Ce billet suit le chemin par lequel la notion d’agenda civique est devenue pertinente pour moi.
La notion n’apparaît pas ici comme un choix théorique posé d’emblée et si elle mérite aujourd’hui d’être travaillée c’est parce qu’elle a été rencontrée, puis réactivée, avant de devenir questionnante au regard de situations locales en devenir.

Une première rencontre : la notion comme médiation

La première rencontre avec la notion d’agenda civique s’est faite de manière indirecte en explorant le travail de Raphaëlle Bats1,notamment autour des bibliothèques intérieures 2, de ses activités à l’URFIST, et de la mise en œuvre d’un cours en ligne consacré aux sciences citoyennes3 dans lequel la notion apparaît, non comme un concept isolé, mais comme un outil de médiation entre sciences, société et action collective.

Dans la description même de ce cours en ligne, l’agenda civique sert à désigner ce que la recherche peut soutenir lorsqu’elle se met au service de préoccupations formulées hors du seul cadre académique : des enjeux portés par des collectifs, ancrés dans des territoires, cherchant à transformer des situations concrètes.

À ce stade, la notion n’était pas encore travaillée en profondeur. Elle agissait comme un signal discret mais structurant en nommant quelque chose d’important sans en fixer encore les contours.

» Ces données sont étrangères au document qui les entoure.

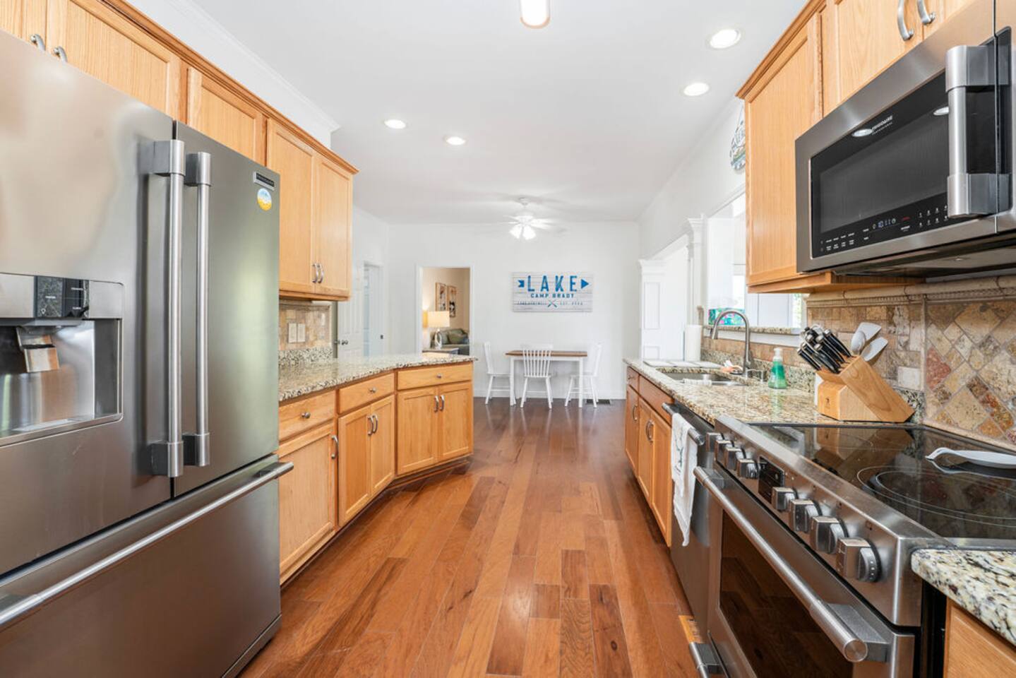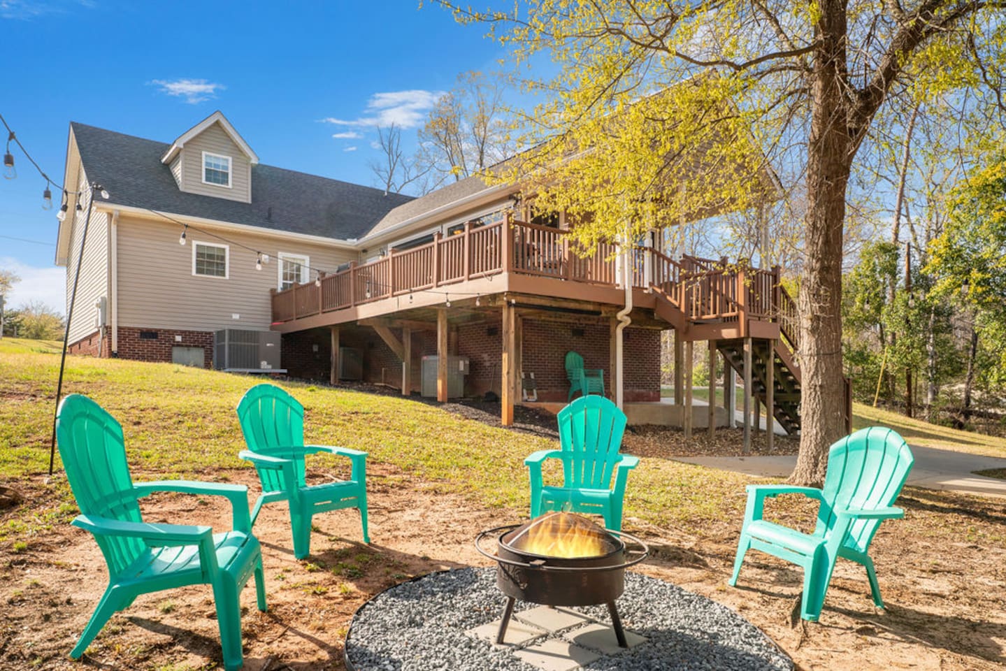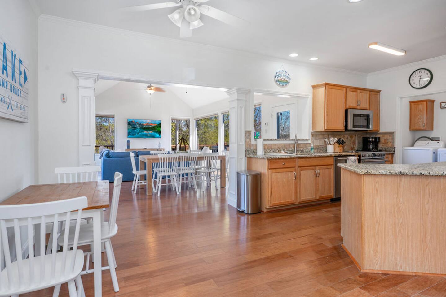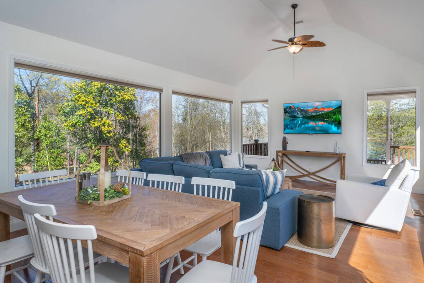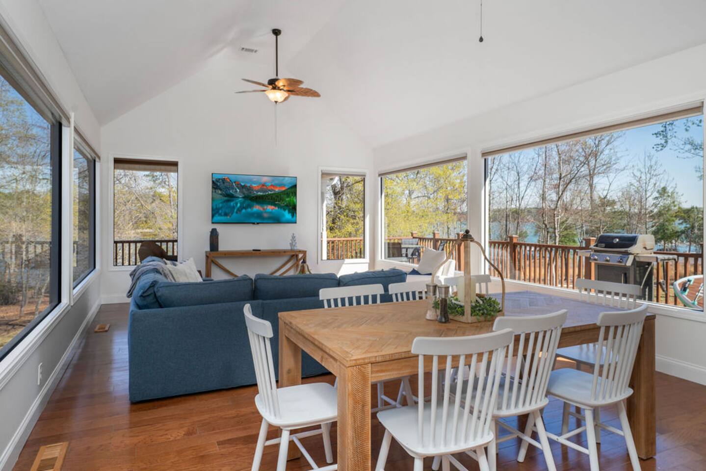 ๐ 4BR / 3BA โ sleeps up to 12 comfortably ๐ฟ Tile walk-in showers ๐ณ Fully equipped kitchen w/ coffee maker + Keurig ๐ฝ Dining room perfect for group meals ๐ Living room w/ pull-out sofa, TV & cozy ambiance ๐ฎ Bonus game room w/ arcade, TV ๐ Sunroom w/ panoramic lake views + TV ๐งบ Washer & dryer for guest use ๐ Outdoor Fun ๐ค Private dock w/ paddleboard & kayaks ๐ฅ Fire pit + outdoor projector screen for movie nights ๐ฏ Outdoor games: cornhole & KanJam ๐ Grill + spacious deck & screened porch ๐ช Outdoor dining & covered seating area ๐ Nearby Attractions (Anderson, SC) ๐ 30 min to Clemson University โ perfect for game days ๐ถ Lake Hartwell boat landings just minutes away ๐ Downtown Anderson โ dining, shops & breweries ๐ฅพ Hiking trails in Sadlers Creek State Park (20 min) ๐ฃ Fishing & water sports all around Lake Hartwell This stunning lakefront home offers ample space and modern amenities, comfortably sleeping up to 12 guests across four bedrooms. Upstairs, two bedrooms feature multiple beds, ideal for groups, and share a full bathroom with a tile walk-in shower for easy access. Downstairs, the master bedroom includes an en-suite full bathroom with a tile walk-in shower, while the second downstairs bedroom also has its own full bathroom with a similar shower. The heart of the home is a well-equipped kitchen, stocked with everything needed for cooking and entertaining, including both a coffee maker and Keurig machine. The dining room is perfect for shared meals, while the living room offers a pull-out sofa bed, TV, and cozy ambiance. A second all-purpose room adds fun with a classic arcade game, TV, and fireplace. The sunroom, with panoramic windows, another TV, and breathtaking views of the deck and lake, is a guest favorite. For added convenience, a washer and dryer are available for guest use. This home combines comfort, entertainment, and lakeside serenity for an unforgettable stay. This lakefront retreat is a haven for water enthusiasts, located just minutes from boat landings with a private dock, paddleboards, and kayaks for endless aquatic fun. A paved path leads directly to the dock and lake. The home and yard feature a spacious back deck, an outdoor dining area, and a covered seating area for all-season relaxation. Enjoy lively games of CanJam and cornhole, cozy evenings by the firepit, or movie nights with the outdoor projector and screen setup.

Une réactivation : la notion à l’épreuve de l’expérience

La lecture du retour sur l’expérience ISOPOLIS, menée à La Réunion4[@chabanet2025_isopolis]5 est venue agir comme une réactivation.
Elle n’a pas fonctionné comme un modèle à reproduire, mais comme un miroir contrefactuel : un dispositif permettant de réfléchir, par contraste, aux conditions, aux tensions et aux déplacements qu’impliquerait une mobilisation de la notion d’agenda civique dans d’autres contextes.

Dans ce cas précis, la notion n’est plus simplement évoquée dans un cadre pédagogique : elle est mise au travail dans un dispositif complexe d’alliance entre société civile et recherche.

L’agenda civique y apparaît comme ce qui précède la recherche, ce qui en oriente les usages,
ce qui résiste parfois à sa formalisation, et ce qui oblige à repenser les rôles respectifs des chercheurs et des citoyens.

À travers ISOPOLIS, la notion cesse d’être seulement descriptive.
Elle devient opératoire, mais aussi problématique : traversée par des tensions, des malentendus, des besoins de traduction.

La question change alors de nature : il ne s’agit plus seulement de comprendre ce qu’est un agenda civique, mais de se demander ce que cela engage de le reconnaître comme tel.

Une projection : la notion comme possible fédérateur local

Plus récemment, des signes locaux - discrets, fragmentaires, encore incertains - ont conduit à rouvrir la question une troisième fois.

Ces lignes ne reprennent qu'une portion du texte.